### Exercise objective
Read the entries below and pull out each line with the string "Case".

Stored data:
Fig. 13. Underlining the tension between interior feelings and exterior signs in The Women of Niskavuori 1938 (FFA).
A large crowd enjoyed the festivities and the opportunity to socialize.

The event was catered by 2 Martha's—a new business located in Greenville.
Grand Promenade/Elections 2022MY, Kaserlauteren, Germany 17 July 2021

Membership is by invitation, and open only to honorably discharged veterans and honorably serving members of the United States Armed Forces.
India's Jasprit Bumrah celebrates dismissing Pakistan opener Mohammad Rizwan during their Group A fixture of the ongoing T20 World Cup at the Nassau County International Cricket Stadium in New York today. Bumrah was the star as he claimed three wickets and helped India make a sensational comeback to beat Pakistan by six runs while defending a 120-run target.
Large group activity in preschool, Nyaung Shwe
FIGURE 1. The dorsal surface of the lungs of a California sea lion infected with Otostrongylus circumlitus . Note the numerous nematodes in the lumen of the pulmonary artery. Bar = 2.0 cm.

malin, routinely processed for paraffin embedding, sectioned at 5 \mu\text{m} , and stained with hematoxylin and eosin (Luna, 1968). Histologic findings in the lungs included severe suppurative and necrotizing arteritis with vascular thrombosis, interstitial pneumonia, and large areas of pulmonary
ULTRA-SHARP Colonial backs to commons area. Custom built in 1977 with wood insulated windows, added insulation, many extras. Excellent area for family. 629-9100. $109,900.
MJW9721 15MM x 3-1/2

==

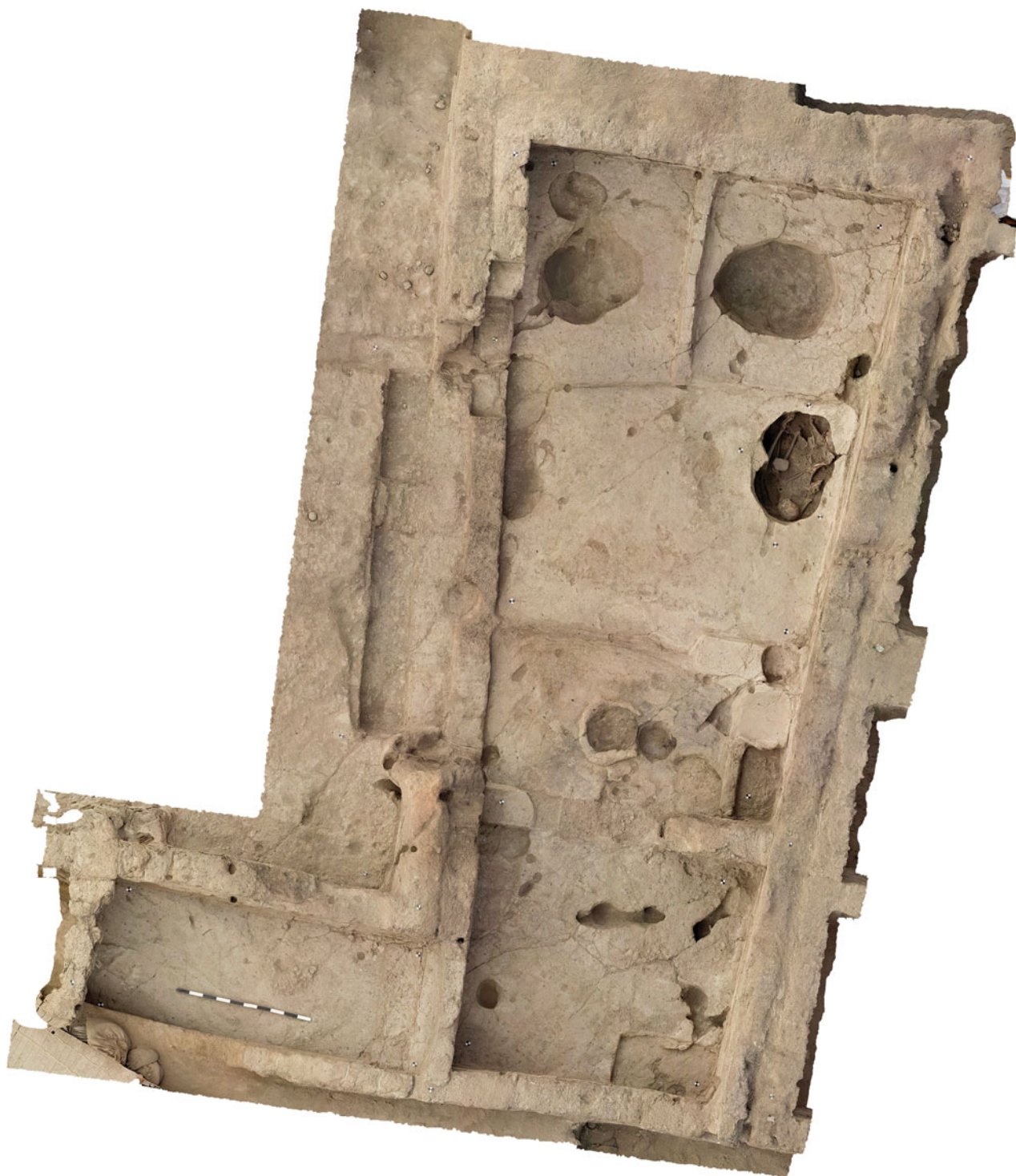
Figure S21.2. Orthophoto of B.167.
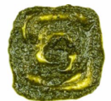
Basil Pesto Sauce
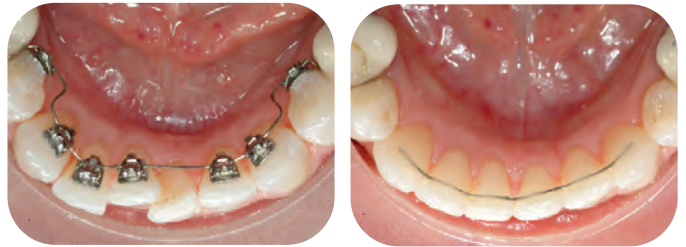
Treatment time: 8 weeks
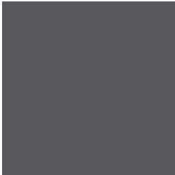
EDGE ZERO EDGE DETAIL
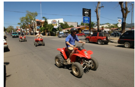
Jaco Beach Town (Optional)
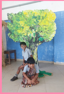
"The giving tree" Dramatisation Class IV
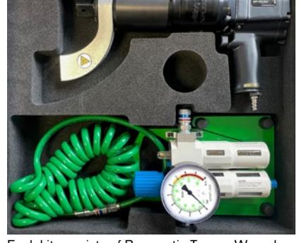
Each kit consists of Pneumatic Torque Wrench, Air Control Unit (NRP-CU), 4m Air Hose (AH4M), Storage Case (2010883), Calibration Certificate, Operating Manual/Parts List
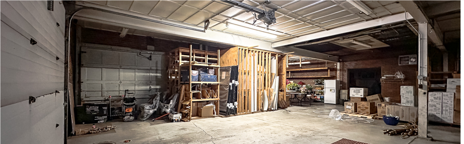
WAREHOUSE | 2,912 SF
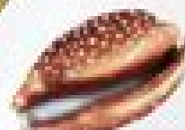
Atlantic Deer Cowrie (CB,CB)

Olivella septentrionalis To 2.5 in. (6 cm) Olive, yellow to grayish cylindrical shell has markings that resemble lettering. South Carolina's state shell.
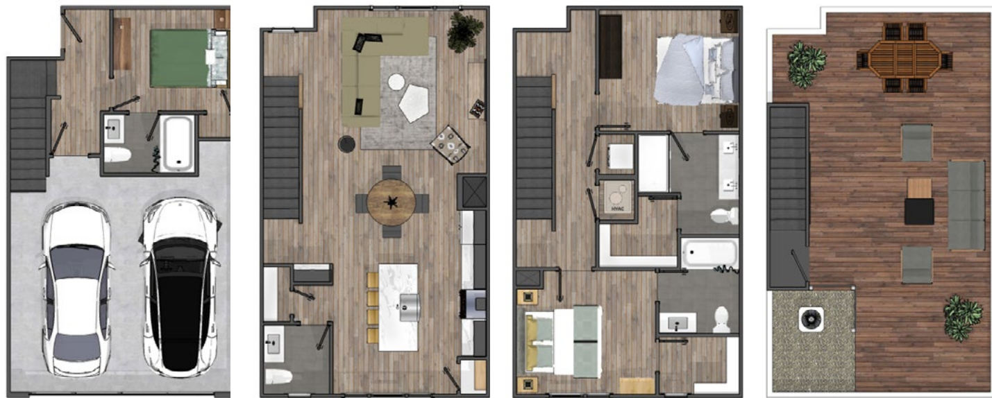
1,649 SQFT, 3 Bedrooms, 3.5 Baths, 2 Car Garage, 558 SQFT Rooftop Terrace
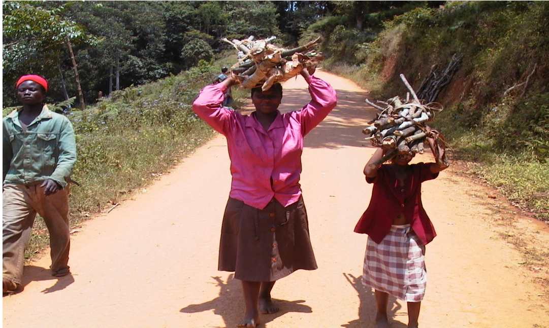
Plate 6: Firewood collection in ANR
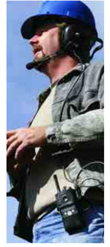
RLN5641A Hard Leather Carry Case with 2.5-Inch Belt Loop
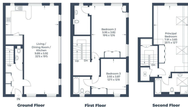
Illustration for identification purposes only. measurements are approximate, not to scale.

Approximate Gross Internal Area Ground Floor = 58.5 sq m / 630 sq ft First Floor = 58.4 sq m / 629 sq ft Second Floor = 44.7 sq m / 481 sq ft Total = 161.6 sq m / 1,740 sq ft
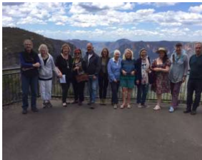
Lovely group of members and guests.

### Solution
Each kit consists of Pneumatic Torque Wrench, Air Control Unit (NRP-CU), 4m Air Hose (AH4M), Storage Case (2010883), Calibration Certificate, Operating Manual/Parts List
RLN5641A Hard Leather Carry Case with 2.5-Inch Belt Loop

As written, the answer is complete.